# mozilla, probleme



## WetBo (22. März 2008)

hallo,

leider habe ich mit mozilla probleme beim armory import, mit ie gehts  


			Dieser Inhalt steht nur eingeloggten Mitgliedern zur Verfügung.


----------



## New-Bee (22. März 2008)

bei mir unter FF gehts!


----------



## Valkum (23. März 2008)

Was meinst du mit Mozilla meinst du den Mozilla Firefox oder den alten ursprünglichen Mozilla (der heisst NUR Mozilla).

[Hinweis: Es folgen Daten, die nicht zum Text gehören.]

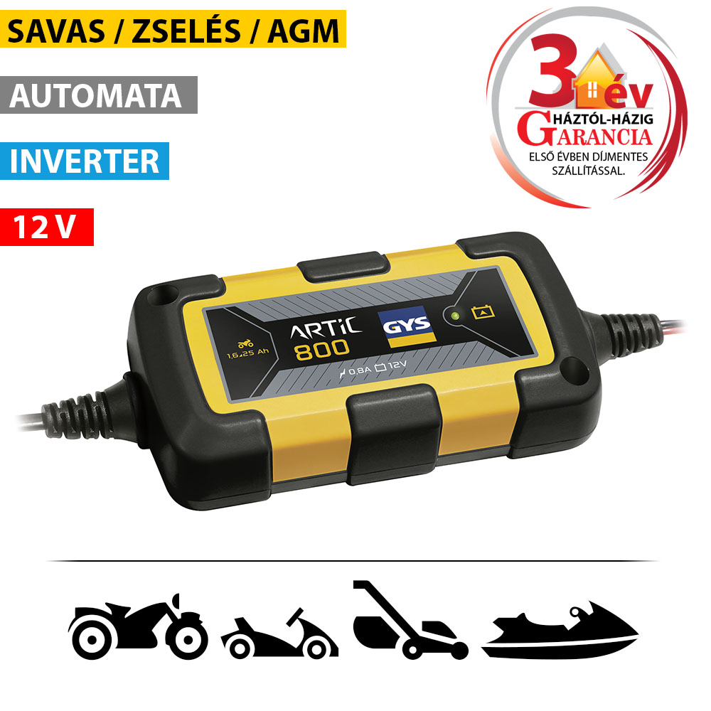 - 12 V-os (savas-ólom) 1.6 - 25 Ah kapacitású akkumulátorok töltésére lett kifejlesztve, egyben a töltöttségi állapot fenntartását is lehetővé teszi 80 Ah-ig.
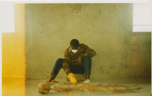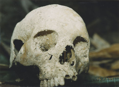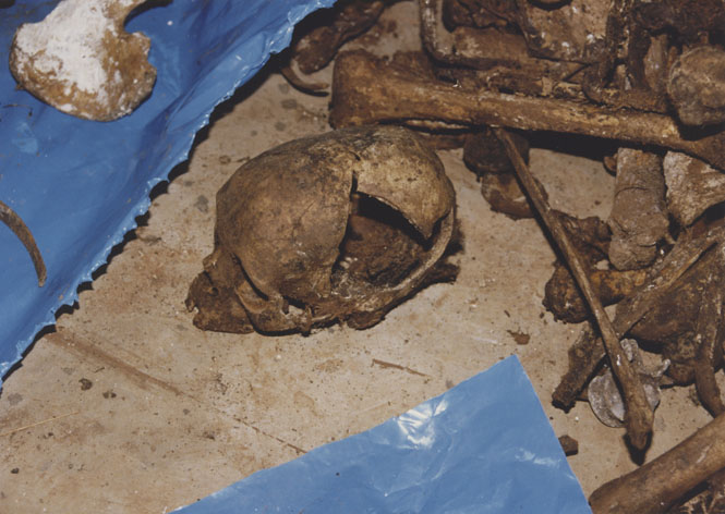 | Description: | Photograph of human remains laying on the floor of a building next to a blue tarp. Skull with a large hole in the left side is in the middle of the photograph. Gatandara, Cyangugu. |
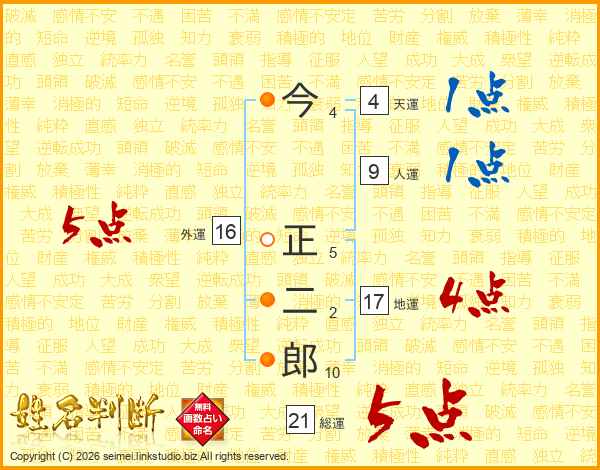 今正二郎さんの総運は21画の5点!
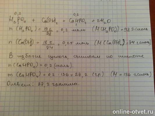 вопрос - Водный раствор содержащий гидроксид кальция массой 3,7 г, поглотил оксид углерода объёмом 1,68 л . определите массу осадка, если выход реакции составил 80% - ответ .com

Eine genauere Beschreibung wäre sicher hilfreich.


----------



## Beowolve (23. März 2008)

Es scheint bei einigen Problemen zu geben wenn es Sonderzeichen im Namen gibt. Leider kann ich das Problem bei mir nicht reproduzieren, was die Fehlerbehebung schwierig macht.
Eine Zwischenversion hatte noch Probleme mit dem Import, ich vermute das es bei manchen an komischen Caching Einstellungen von Proxyservern liegen könnte. Daher mal bitte versuchen mit F5 die Seite neu zu laden, dabei sollten eigentlich alle Dateien neu geladen werden und es müsste dann funktionieren.

PS: Bei Browserproblemen bitte immer die genau Bezeichnung und am besten noch die Versionsnummer dazu angeben.


----------